Suppose a stop-loss order point is set at the Rs. 70 per stock, which is priced at Rs. 100; if the trend of losses reaches the point where the price is about to go below Rs. 70, the trade is automatically closed or exited to avoid any more losses. Meaning, the trader is risking Rs. 30 as loss per stock, and the stop-loss point or threshold never changes on its own despite the trend changes.

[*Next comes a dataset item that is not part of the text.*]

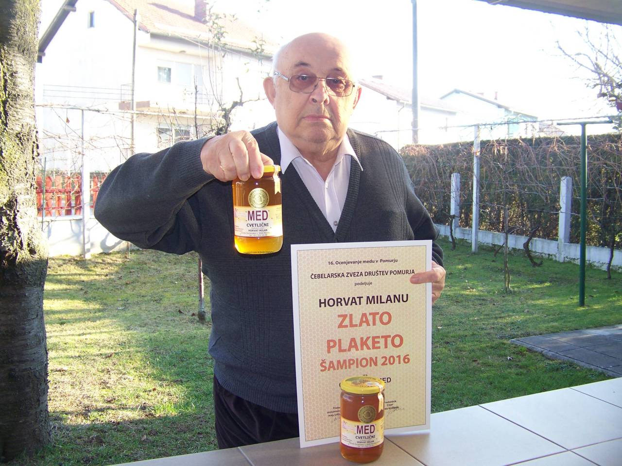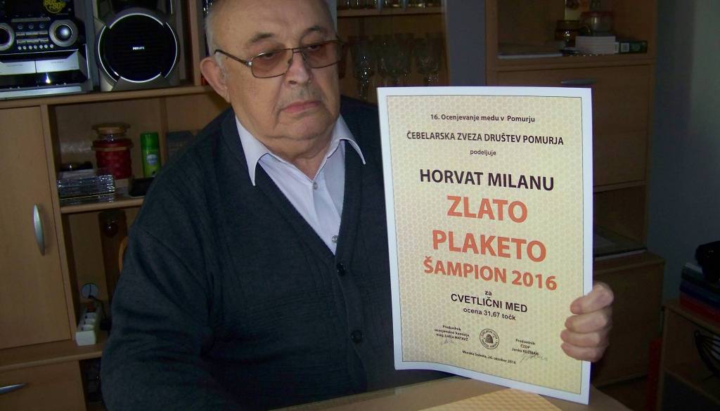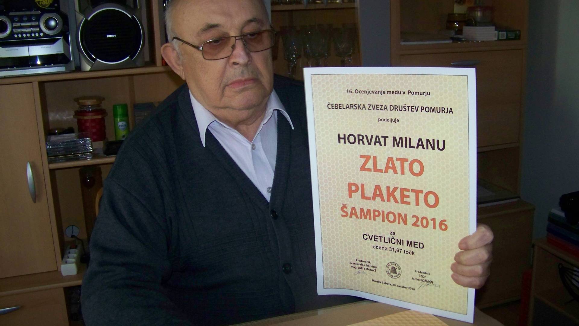 86-letni čebelar Milan Horvat iz Murske Sobote se s čebelarstvom ukvarja že 70 let. Dolgoletne izkušnje in izobraževanje na tem področju so se mu obrestovale, saj je na letošnjem 16. ocenjevanju medu v Pomurju osvojil zlato plaketo za cvetlični med z 31,76 točkami.

There is another type of stop-loss order known as a trailing stop-loss order. In such a strategy, the threshold point is set, and above which, if the losses increase, it can execute itself and bring the trader out of the trade. But unlike the stop-loss strategy, it is not fixed on a certain number and changes as the trend goes upward or downward to ensure the risk is minimal.

Day Trade Stop Loss Order

It is a personal choice to use a stop-loss order strategy in day trading and what is more important is to set the right value for stop-loss orders. Stop-loss avoids losses below a certain level in the trend and executes the trader out of the trade, but if the right value of the stop-order is not set, it is only leaving a window open for the losses to grow and is more conservative and risky where the day trader ends up not having any profits at all. Most of the day, traders set the stop-loss value above the price they have bought the stock when the trend is booming upwards. In such a case, if the trend falls or there is a downtrend, the trader at least has some profit in the pocket.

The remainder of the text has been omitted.